* [SUPPLIED INFORMATION]:
#####

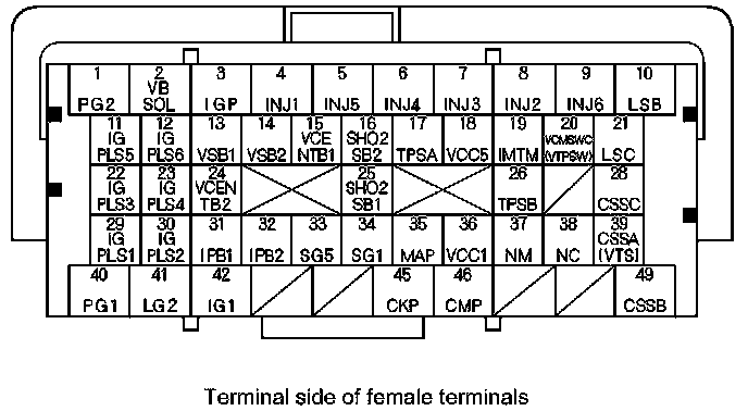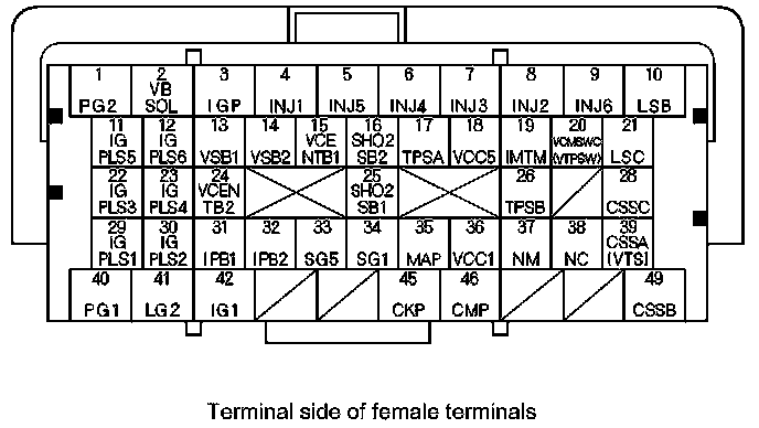 ECM/PCM Inputs and Outputs at ECM/PCM Connector B (triangle) (49P)
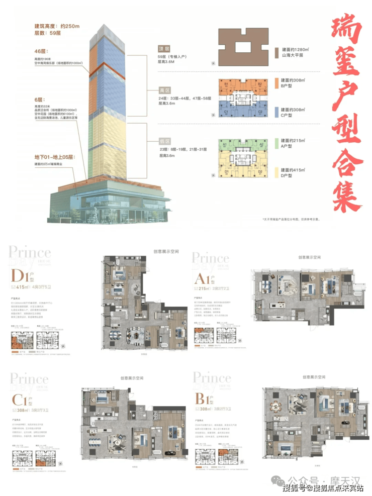 项目打造主力建面约215-415㎡纯粹品质公寓共191伙,位于顶层第59层为建面约1270㎡大平层鼎豪公寓产品。
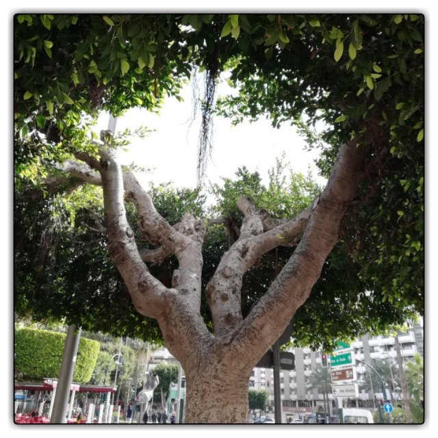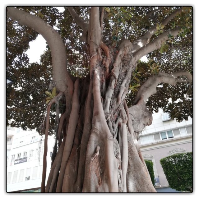Ett gigantiskt stort träd, Ficus Macrophylla. I diameter är stammen 1.5 m som smalast och 5.10 m som tjockast. Det är 18 m högt och kronan är 20 m i diameter! Wow säger jag bara!
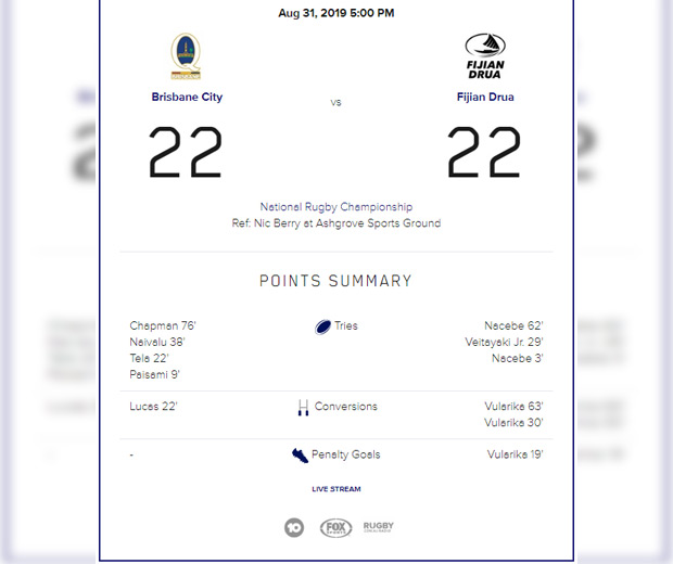 The Fiji Airways Fijian Drua who are defending champions of the National Rugby Championship in Australia drew 22‑all with Brisbane City in their opening match at Ashgrove Sports Ground in Brisbane last night.

#####

* [WORK REQUIRED]:
Line by line, return the listing above exactly, leaving out its pictures.

* [RESPONSE TO THIS TASK]:
 ECM/PCM Inputs and Outputs at ECM/PCM Connector B (triangle) (49P)
 项目打造主力建面约215-415㎡纯粹品质公寓共191伙,位于顶层第59层为建面约1270㎡大平层鼎豪公寓产品。
Ett gigantiskt stort träd, Ficus Macrophylla. I diameter är stammen 1.5 m som smalast och 5.10 m som tjockast. Det är 18 m högt och kronan är 20 m i diameter! Wow säger jag bara!
 The Fiji Airways Fijian Drua who are defending champions of the National Rugby Championship in Australia drew 22‑all with Brisbane City in their opening match at Ashgrove Sports Ground in Brisbane last night.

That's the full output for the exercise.